A perusal of Section 42 of the Arbitration and Conciliation Act, reveals a clear acknowledgement by the Legislature, that the jurisdiction for raising a challenge to the same arbitration agreement, arbitration proceeding or arbitrable award, could most definitely arise in more than one court simultaneously. To remedy such a situation Section 42 of the Arbitration Act mandates, that the court wherein the first application arising out of such a challenge is filed, shall alone have the jurisdiction to adjudicate upon the dispute(s), which are filed later in point of time. The above Legislative Intent must also be understood as mandating, that disputes arising out of the same arbitration agreement, arbitral proceeding or arbitral award, would not be adjudicated upon by more than one court, even though jurisdiction to raise such disputes may legitimately lie before two or more courts. State of Maharashtra v. Atlanta Ltd., (2014) 11 SCC 619.

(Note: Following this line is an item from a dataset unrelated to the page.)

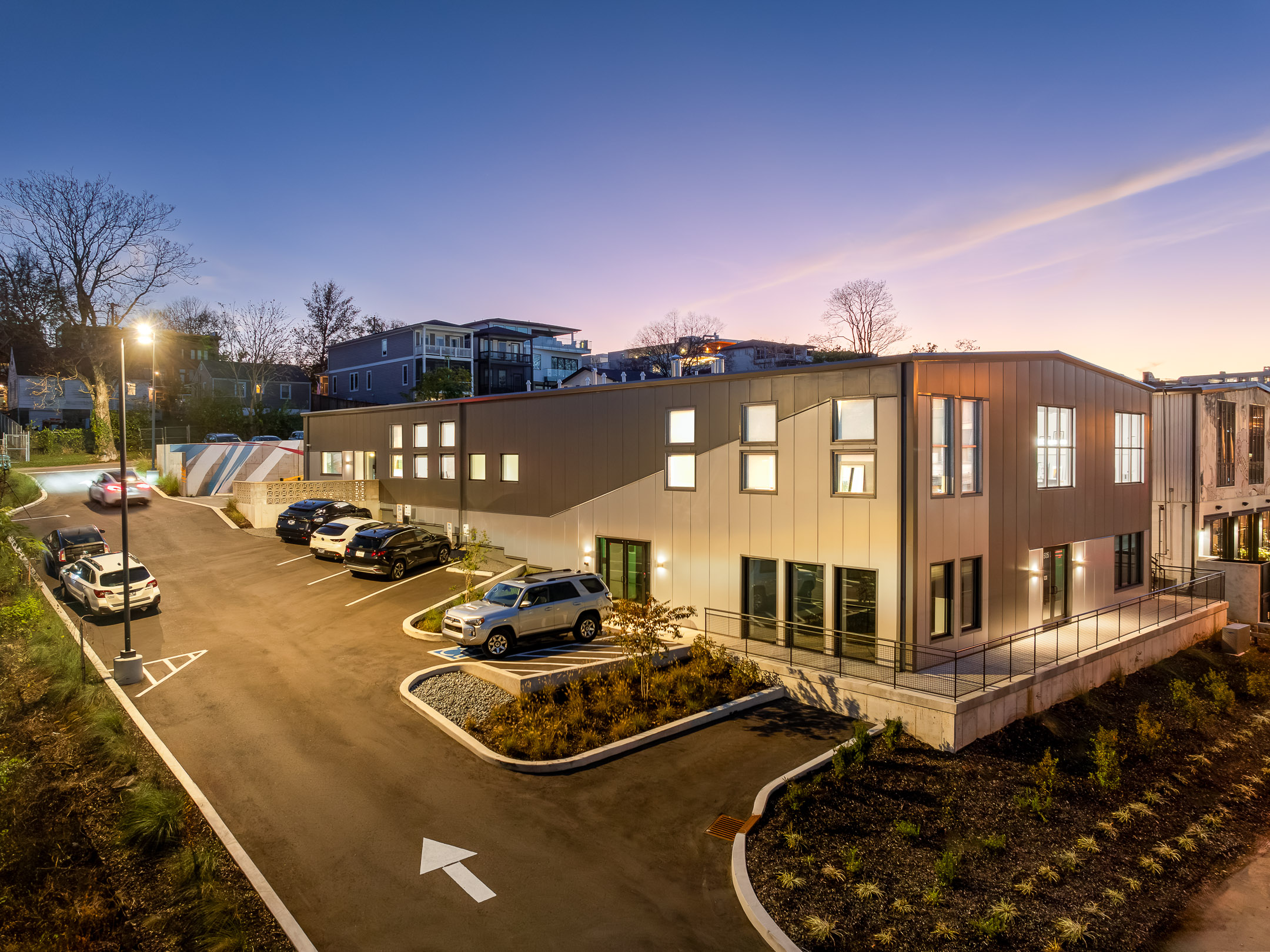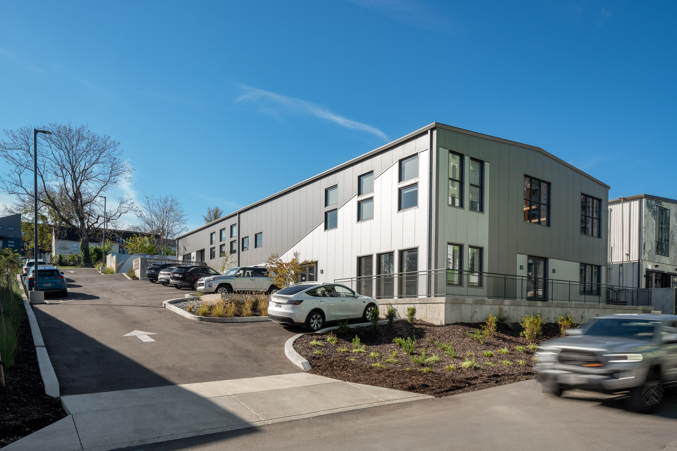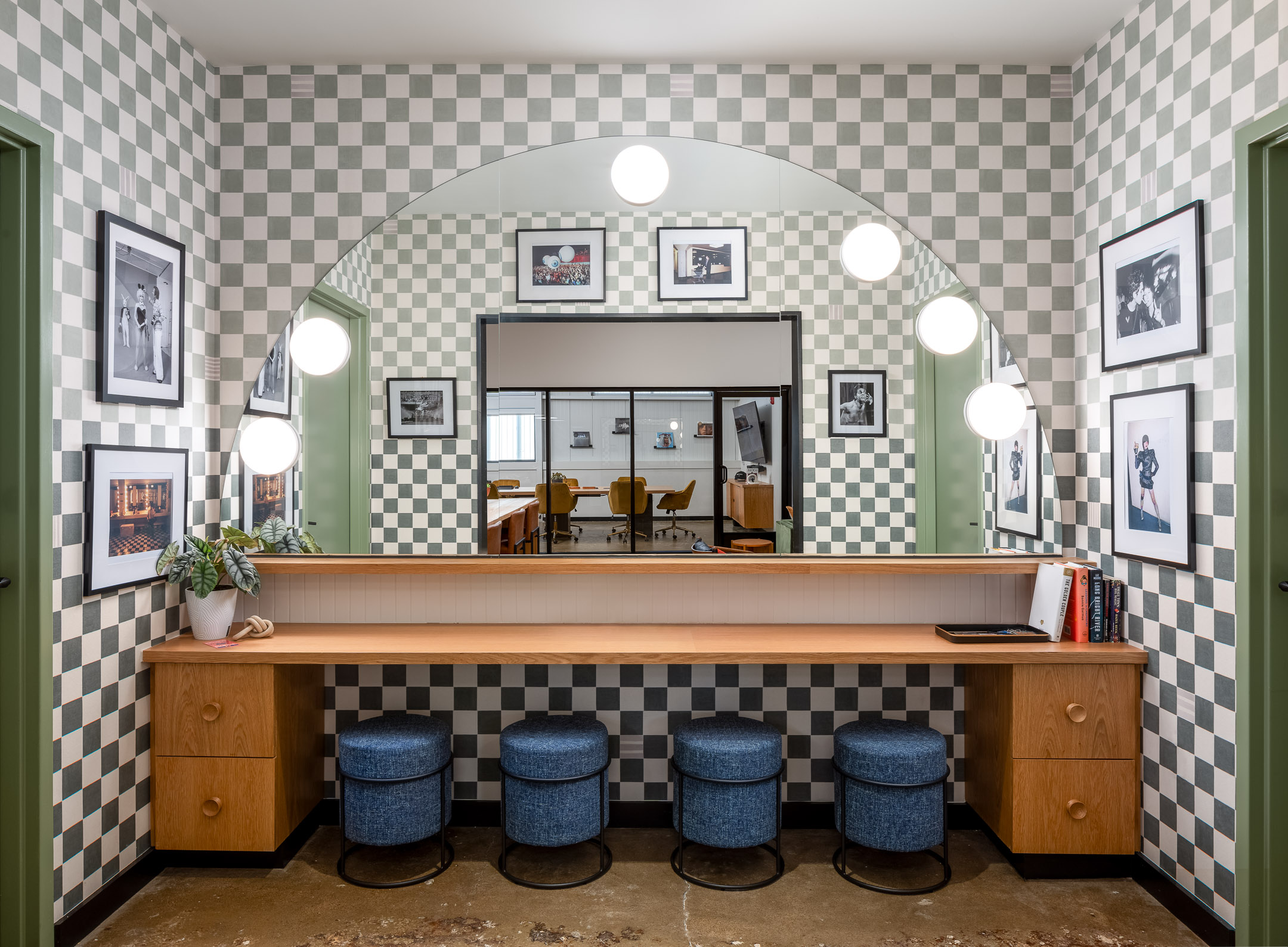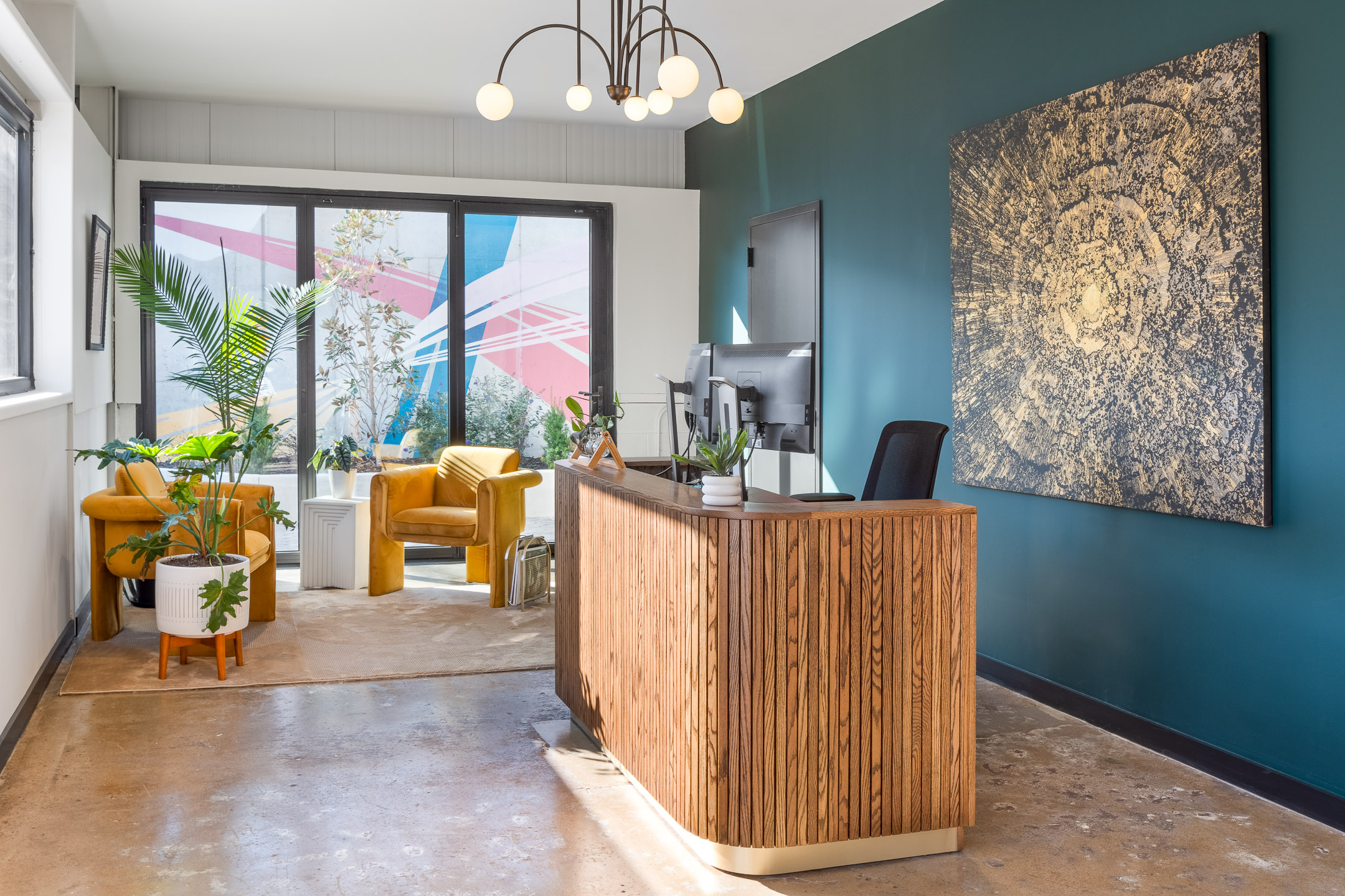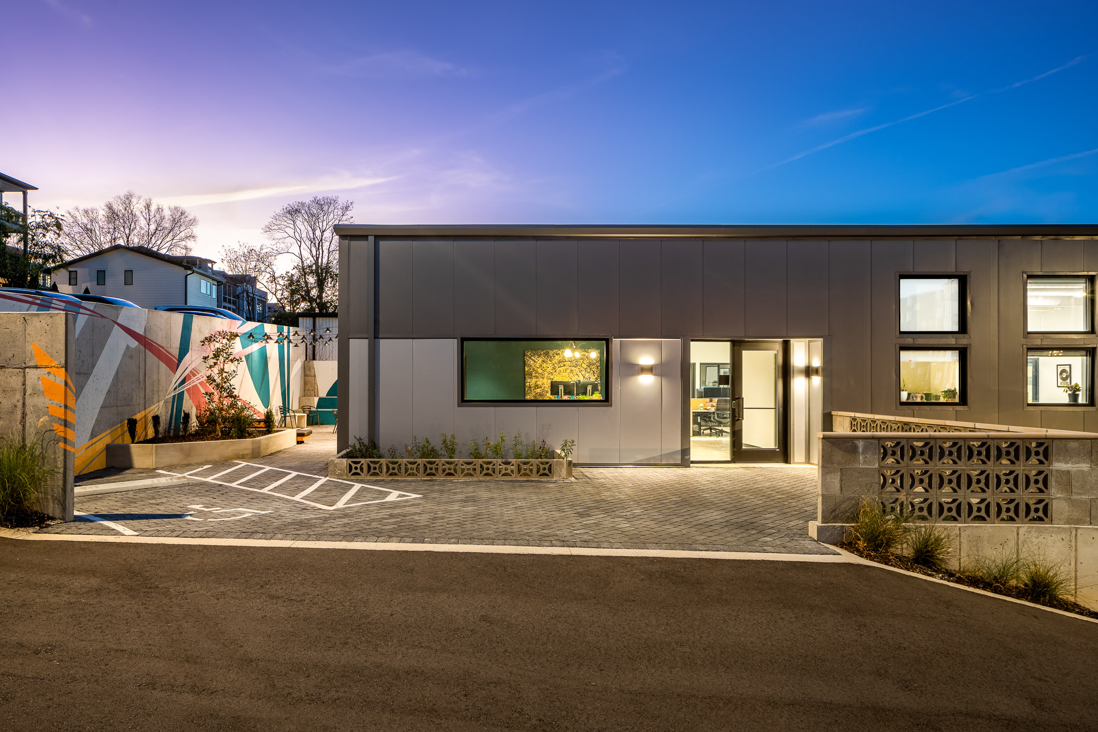 PSBM, a management firm that serves creatives, asked MZA to convert an 8,000-square-foot Nashville warehouse into a headquarters that is both professional and personality-filled. MZA left the original steel skeleton of the building in place and updated the envelope with energy-efficient panels, preserving its industrial aesthetic. PSBM's offices occupy the top floor, where glass partitions offer acoustic separation without losing daylight. Exposed concrete and metal textures are juxtaposed with fresh new smooth finishes to create a refined but rugged appearance. An outdoor patio is surrounded by a mural, done by Adrien Saporiti, and allows room for team meetings and creative refueling. A white-box tenant space and future expansion suite are also housed in the building, giving PSBM some breathing room. The result is a smart, responsive workplace that captures the diverse energy of clients they serve.

In State of Goa v. Praveen Enterprises, (2012) 12 SCC 581, addressing the issue pertaining to counterclaims, the Court observed as follows:
“As far as counterclaims are concerned, there is no room for ambiguity in regard to the relevant date for determining the limitation. Section 3(2)(b) of the Limitation Act, 1963 provides that in regard to a counterclaim in suits, the date on which the counterclaim is made in court shall be deemed to be the date of institution of the counterclaim. As the Limitation Act, 1963 is made applicable to arbitrations, in the case of a counterclaim by a respondent in an arbitral proceeding, the date on which the counterclaim is made before the arbitrator will be the date of institution insofar as counterclaim is concerned. There is, therefore, no need to provide a date of commencement as in the case of claims of a claimant. Section 21 of the Act is therefore not relevant for counterclaims. There is however one exception. Where the respondent against whom a claim is made, had also made a claim against the claimant and sought arbitration by serving a notice to the claimant but subsequently raises that claim as a counterclaim in the arbitration proceedings initiated by the claimant, instead of filing a separate application under Section 11 of the Act, the limitation for such counterclaim should be computed, as on the date of service of notice of such claim on the claimant and not on the date of filing of the counterclaim. Voltas Limited v. Rolta India Limited, (2014) 4 SCC 516.